125-2 Cross-Biome Comparisons of Soil Microbial Communities and Their Functional Potentials Via Shotgun Metagenomic Analyses.


2012-10-22: 8:50 AM
Duke Energy Convention Center, Room 204, Level 2

Presenting Author: Noah Fierer, University of Colorado


We applied shotgun metagenomic analyses to 16 soils collected from a wide range of biomes, including multiple samples from polar deserts and hot deserts, as well as representative soils from boreal forest, arctic tundra,  tropical forest, and temperate forests/grasslands. All samples were compared at an equivalent sequencing depth (4 million quality reads per sample) with reads assigned to functional categories using MG-RAST tools. Overall, soils collected from arid environments shared metagenomes that were similar in composition. The desert metagenomes were distinct from those found in the more temperate soils and largely overlapping in composition suggesting that desert soil conditions (e.g. high pH, low moisture availability, and low levels of organic C inputs) shape metagenomes in a similar manner regardless of latitude. The desert soils also exhibited lower levels of functional diversity than the more temperate soils, a pattern that was mirrored in the taxonomic and phylogenetic diversity of the bacterial communities.
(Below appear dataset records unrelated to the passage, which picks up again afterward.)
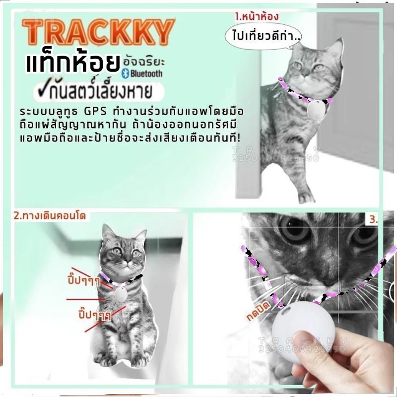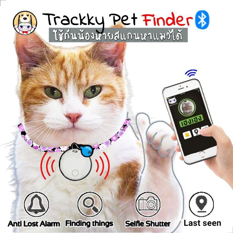 แท็กบลูทูธ กันแมวหาย Pet Finder แทร็คกี้ ไว้ห้อยปลอกคอสุนัข หมา ส่งไวจากกทม.
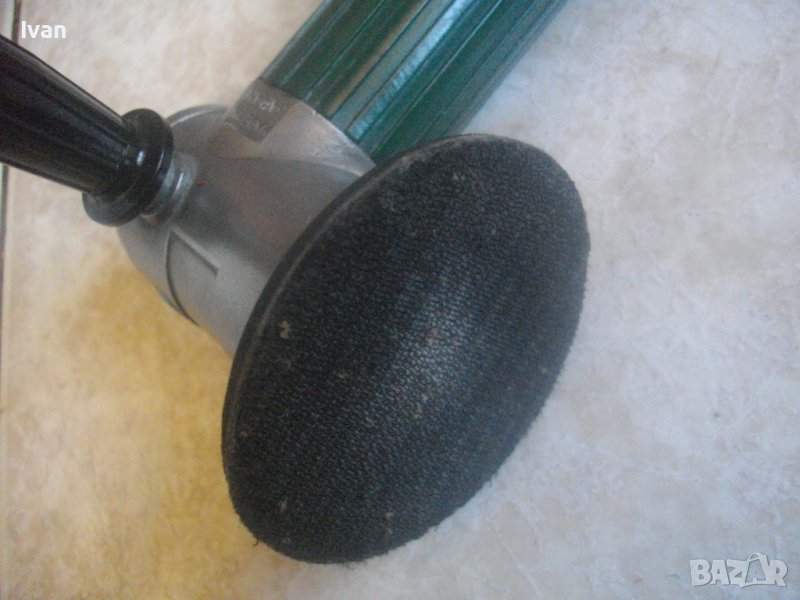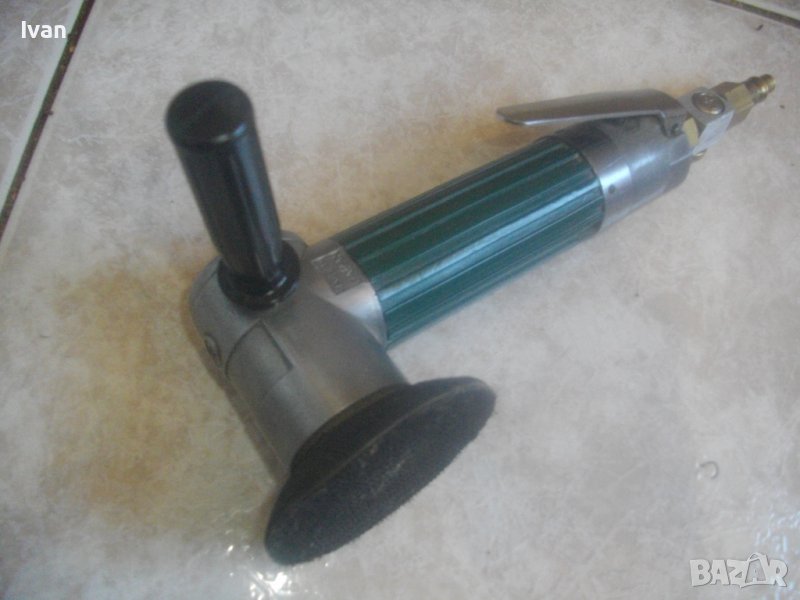 Почти нов, в ОТЛИЧНО техническо/работно състояние. Производство маркирано/вписано - оригинално японско - Made in JAPAN. Работна пита/плот - кръгъл - размер ф 108 мм. Тип Велкро - със амозалепващи елементи ,които нямат никакво износване и държат здраво и стабилно шкурка. Машината е с олекотен дизайн и ергономично тегло. Малка, удобна и ефективна при работа. Поставен оригинален японски адаптер/бърза връзка за скачване с маркуч на компресор. Адаптера е с регулатор на налягането. Материал - бронз/алуминий. Спусък метален дълъг и удобен, с инокс неръждавейка покритие.Метално тяло на машината с ПВЦ покритие/тип гума.Метална глава. Странична държка - твърда пластмаса бакелит. Цялостна дължина на машината с адаптера отзад - 240 мм, диаметър на машината - ф 40 мм. Тегло - под 1,0 кг. Цена на машината - 249 лв. Твърда цена, не подлежи на никакъв коментар.
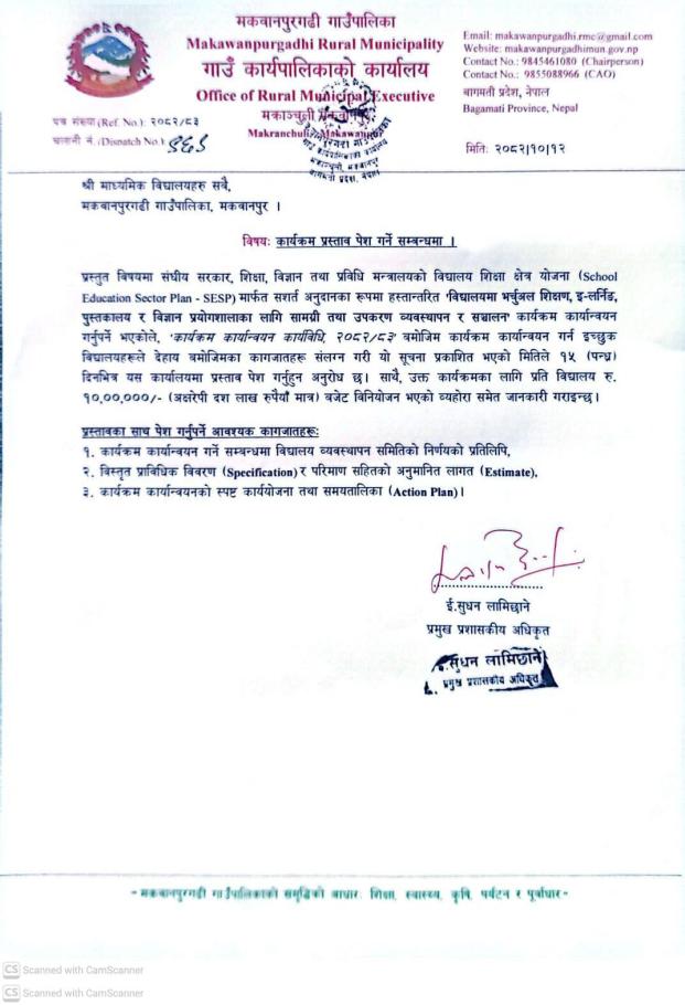 Home » माध्यमिक विद्यालयहरू सबै, मकवानपुरगढी। कार्यक्रम प्रस्ताव पेश गर्ने सम्बन्धनमा।

We used both PCR-based 16S rRNA gene sequence data and the shotgun metagenomic data to characterize the bacterial communities in each of the soils and the taxonomic composition and structure of the communities was similar regardless of the method employed. Overall, we found that we could predict functional gene profiles across these 16 soils reasonably well from the bacterial community information, suggesting that the taxonomic and functional attributes of soil bacterial communities are strongly correlated across the wide range of biomes sampled here.